Before many Crusaders knew what was happening, they found themselves besieging Constantinople. They installed the prince, Alexius Angelus (now Alexius IV), on the throne and demanded payment. Unfortunately, the deposed Alexius III had fled with a lot of cash, and Alexius IV could not pay the debt. Meanwhile, the Constantinople citizenry grew weary of power grabs and the Crusaders’ penchant for burning down neighborhoods. They supported the overthrow and murder of Alexius IV, and the new Emperor Alexius Ducas (imaginatively taking the name Alexius V) refused to pay the Crusaders.

Wait...didn't that Pope say there was one rule we needed to follow? What was it again? Meh.
At this point some frat brothers came up out of the basement having just finished three games of cognac pong, and the glorious crusade in Christ’s name went completely off the rails. On April 13, 1204, the Crusaders began an epic three day sack of the city. They destroyed the world-famous Library of Constantinople, murdered Orthodox clerics, ransacked the unprecedented and magnificent Hagia Sophia church, stole over 900,000 marks of silver, and worst of all, placed a prostitute on the Orthodox throne to sing “obscene song and dance frequently.” That’s right, dance frequently.

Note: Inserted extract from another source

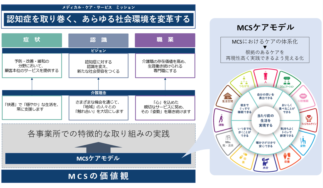 これまで蓄積してきた各事業所での特徴的な取り組みを生かしつつ、「MCSケアモデル」をケアの基盤とし、介護スタッフ間でケアの目的や考え方に対する共通認識を持つことで、当社のミッション「認知症を取り巻く、あらゆる社会環境を変革する」やビジョンの実現に向けて取り組んでまいります。

The normal, straightforward, righteous quest to drive the Muslims from Jerusalem turned into the brutal sack of the Orthodox Christians’ most magnificent city. Many of the Crusaders made off with terrific plunder, leaving vomit on the carpet, empties on the lawn, and the weakened Byzantine Empire to deal with the noise complaints called in by their Muslim neighbors across the Bosphorus. The fatally weakened Byzantine Empire eventually fell to the Muslim Ottomans in 1453, and the already-tenuous relationship between the Roman and Orthodox Churches was unequivocally severed.
Drink: Pulling a Fourth Crusade
Note: not technically a drink, but rather an embarrassing episode
Ingredients:
- 1 bottle of expensive liquor (preferably raki)
- 1 friend’s significant other
- 1 kitchen table
- 1 video camera (optional)
Directions:
- Go to your friend’s liquor cabinet after the Pope asked you not to.
- Take the most expensive bottle you can find. Or all of them.
- Drink it hastily with your friend’s significant other.
- Have sex with him/her on your friend’s kitchen table. Trash kitchen. Videotape episode or talk about it with everyone.